## About this exercise
Of the lines listed below, return exactly those that run from the line containing "Bu yazlık mini" through the line containing "2月28日,在石家莊市藁城區", both included.

** Supplied material follows **

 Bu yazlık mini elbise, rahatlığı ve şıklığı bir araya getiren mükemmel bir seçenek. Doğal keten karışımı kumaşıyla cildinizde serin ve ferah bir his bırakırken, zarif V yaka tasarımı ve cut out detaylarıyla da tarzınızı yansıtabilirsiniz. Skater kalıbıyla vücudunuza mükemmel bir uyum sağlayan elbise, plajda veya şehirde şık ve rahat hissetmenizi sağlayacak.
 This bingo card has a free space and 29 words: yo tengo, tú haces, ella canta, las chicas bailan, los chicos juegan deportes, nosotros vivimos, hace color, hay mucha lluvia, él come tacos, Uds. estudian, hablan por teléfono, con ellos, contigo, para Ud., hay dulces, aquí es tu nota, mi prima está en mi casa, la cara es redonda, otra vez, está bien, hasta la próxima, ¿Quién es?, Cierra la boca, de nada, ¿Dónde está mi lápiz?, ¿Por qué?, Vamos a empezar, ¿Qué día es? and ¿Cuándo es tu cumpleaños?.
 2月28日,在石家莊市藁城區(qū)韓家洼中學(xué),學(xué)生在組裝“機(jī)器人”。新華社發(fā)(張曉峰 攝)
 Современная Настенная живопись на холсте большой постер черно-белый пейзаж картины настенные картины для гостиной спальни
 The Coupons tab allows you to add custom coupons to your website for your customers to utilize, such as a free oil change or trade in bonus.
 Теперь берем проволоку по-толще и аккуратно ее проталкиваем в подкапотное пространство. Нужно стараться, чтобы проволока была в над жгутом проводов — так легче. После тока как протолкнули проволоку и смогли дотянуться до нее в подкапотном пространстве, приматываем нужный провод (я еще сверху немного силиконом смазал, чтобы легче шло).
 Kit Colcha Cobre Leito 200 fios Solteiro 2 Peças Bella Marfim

** End of Supplied material **
** Supplied material follows **

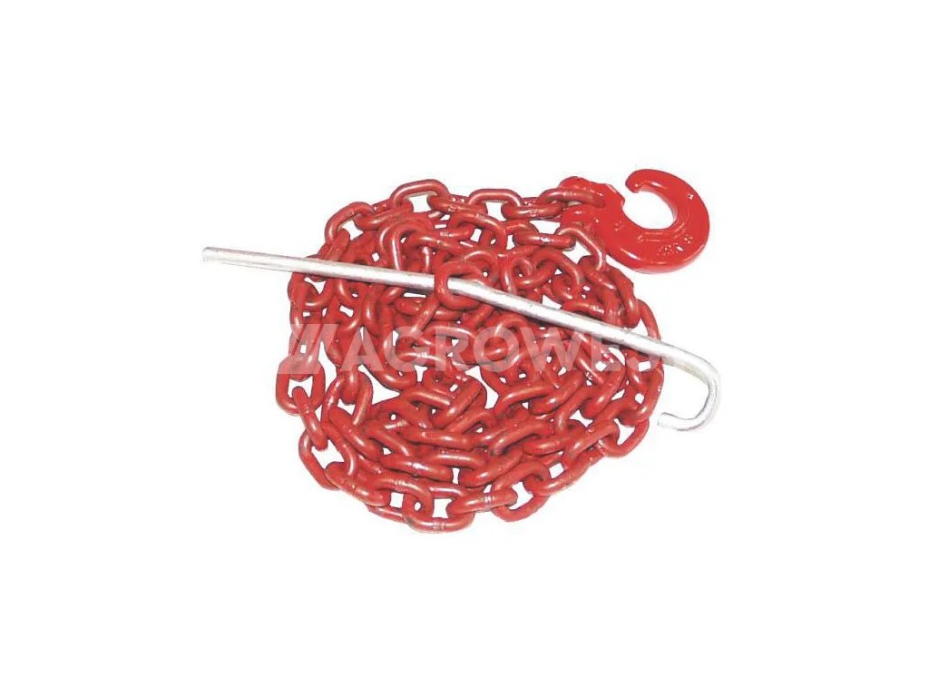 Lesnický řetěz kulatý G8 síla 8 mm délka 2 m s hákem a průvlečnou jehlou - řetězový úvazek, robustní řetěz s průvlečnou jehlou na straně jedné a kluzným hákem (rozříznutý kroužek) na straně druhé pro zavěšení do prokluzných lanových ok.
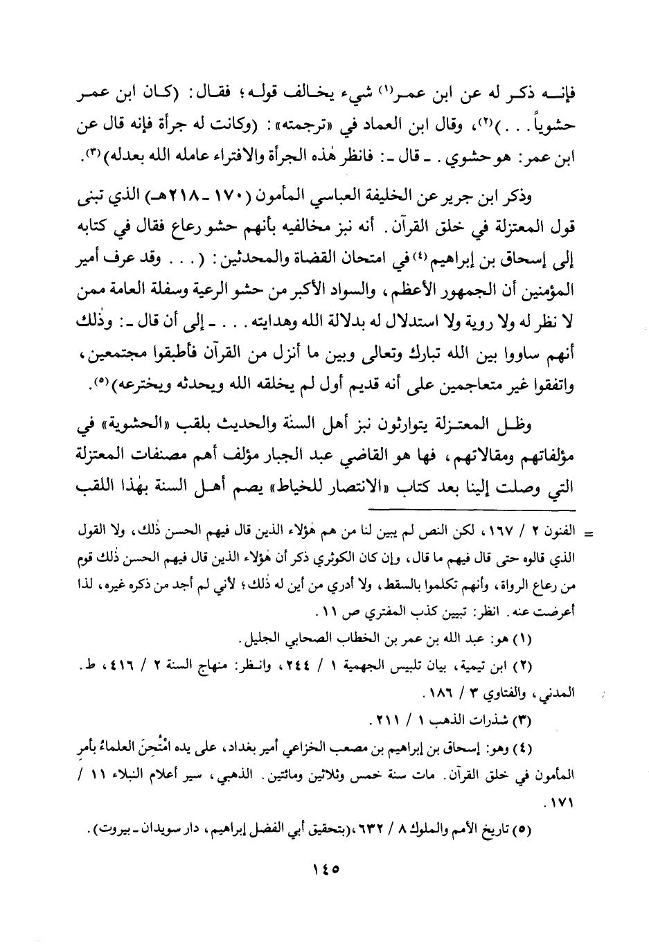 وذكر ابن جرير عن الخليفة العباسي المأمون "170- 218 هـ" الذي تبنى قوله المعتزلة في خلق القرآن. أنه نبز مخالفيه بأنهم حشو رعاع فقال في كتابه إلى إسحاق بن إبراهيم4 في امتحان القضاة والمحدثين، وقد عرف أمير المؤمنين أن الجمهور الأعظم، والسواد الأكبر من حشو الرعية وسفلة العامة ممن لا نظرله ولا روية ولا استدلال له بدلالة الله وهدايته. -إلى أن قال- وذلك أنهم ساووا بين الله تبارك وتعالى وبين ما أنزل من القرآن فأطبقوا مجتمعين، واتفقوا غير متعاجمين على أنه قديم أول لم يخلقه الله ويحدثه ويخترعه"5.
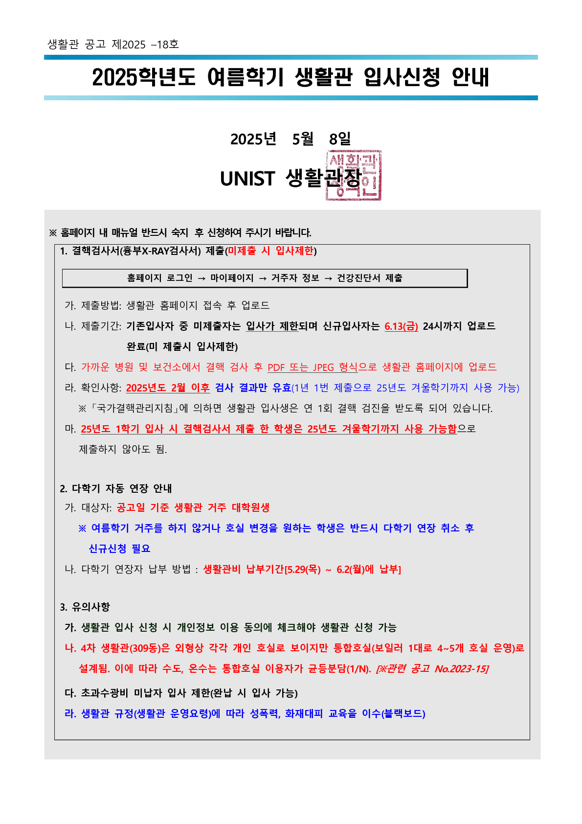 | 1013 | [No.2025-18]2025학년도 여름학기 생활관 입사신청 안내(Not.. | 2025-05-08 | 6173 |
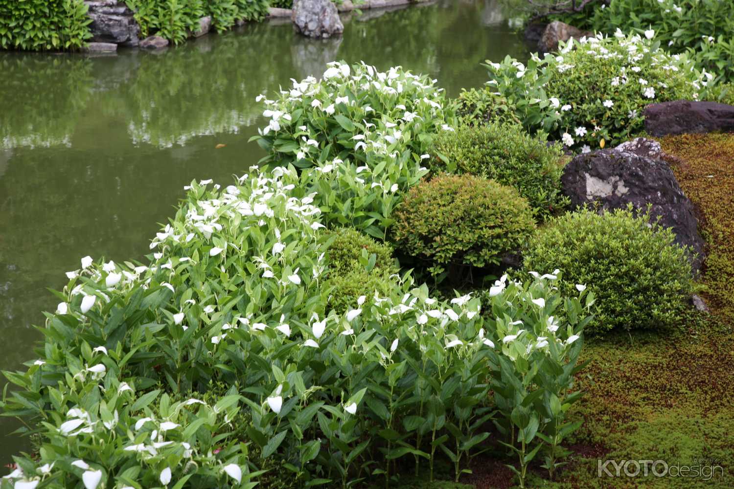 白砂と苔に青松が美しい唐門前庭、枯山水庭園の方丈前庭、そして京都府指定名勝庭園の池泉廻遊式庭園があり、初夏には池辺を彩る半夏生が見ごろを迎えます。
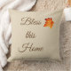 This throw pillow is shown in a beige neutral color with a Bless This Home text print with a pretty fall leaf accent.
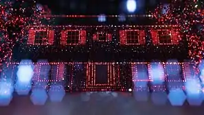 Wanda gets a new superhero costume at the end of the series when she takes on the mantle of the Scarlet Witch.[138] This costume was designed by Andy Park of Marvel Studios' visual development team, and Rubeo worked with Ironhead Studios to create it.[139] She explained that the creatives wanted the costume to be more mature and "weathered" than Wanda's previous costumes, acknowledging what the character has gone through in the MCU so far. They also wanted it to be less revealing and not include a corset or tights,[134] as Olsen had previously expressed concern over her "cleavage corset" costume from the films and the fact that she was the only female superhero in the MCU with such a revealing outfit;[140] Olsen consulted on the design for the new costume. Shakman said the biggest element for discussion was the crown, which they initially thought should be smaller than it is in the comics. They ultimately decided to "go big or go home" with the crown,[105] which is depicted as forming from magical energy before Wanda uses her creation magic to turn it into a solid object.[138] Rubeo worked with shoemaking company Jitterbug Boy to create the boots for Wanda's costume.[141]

** End of Supplied material **

## Result of this task
 Bu yazlık mini elbise, rahatlığı ve şıklığı bir araya getiren mükemmel bir seçenek. Doğal keten karışımı kumaşıyla cildinizde serin ve ferah bir his bırakırken, zarif V yaka tasarımı ve cut out detaylarıyla da tarzınızı yansıtabilirsiniz. Skater kalıbıyla vücudunuza mükemmel bir uyum sağlayan elbise, plajda veya şehirde şık ve rahat hissetmenizi sağlayacak.
 This bingo card has a free space and 29 words: yo tengo, tú haces, ella canta, las chicas bailan, los chicos juegan deportes, nosotros vivimos, hace color, hay mucha lluvia, él come tacos, Uds. estudian, hablan por teléfono, con ellos, contigo, para Ud., hay dulces, aquí es tu nota, mi prima está en mi casa, la cara es redonda, otra vez, está bien, hasta la próxima, ¿Quién es?, Cierra la boca, de nada, ¿Dónde está mi lápiz?, ¿Por qué?, Vamos a empezar, ¿Qué día es? and ¿Cuándo es tu cumpleaños?.
 2月28日,在石家莊市藁城區(qū)韓家洼中學(xué),學(xué)生在組裝“機(jī)器人”。新華社發(fā)(張曉峰 攝)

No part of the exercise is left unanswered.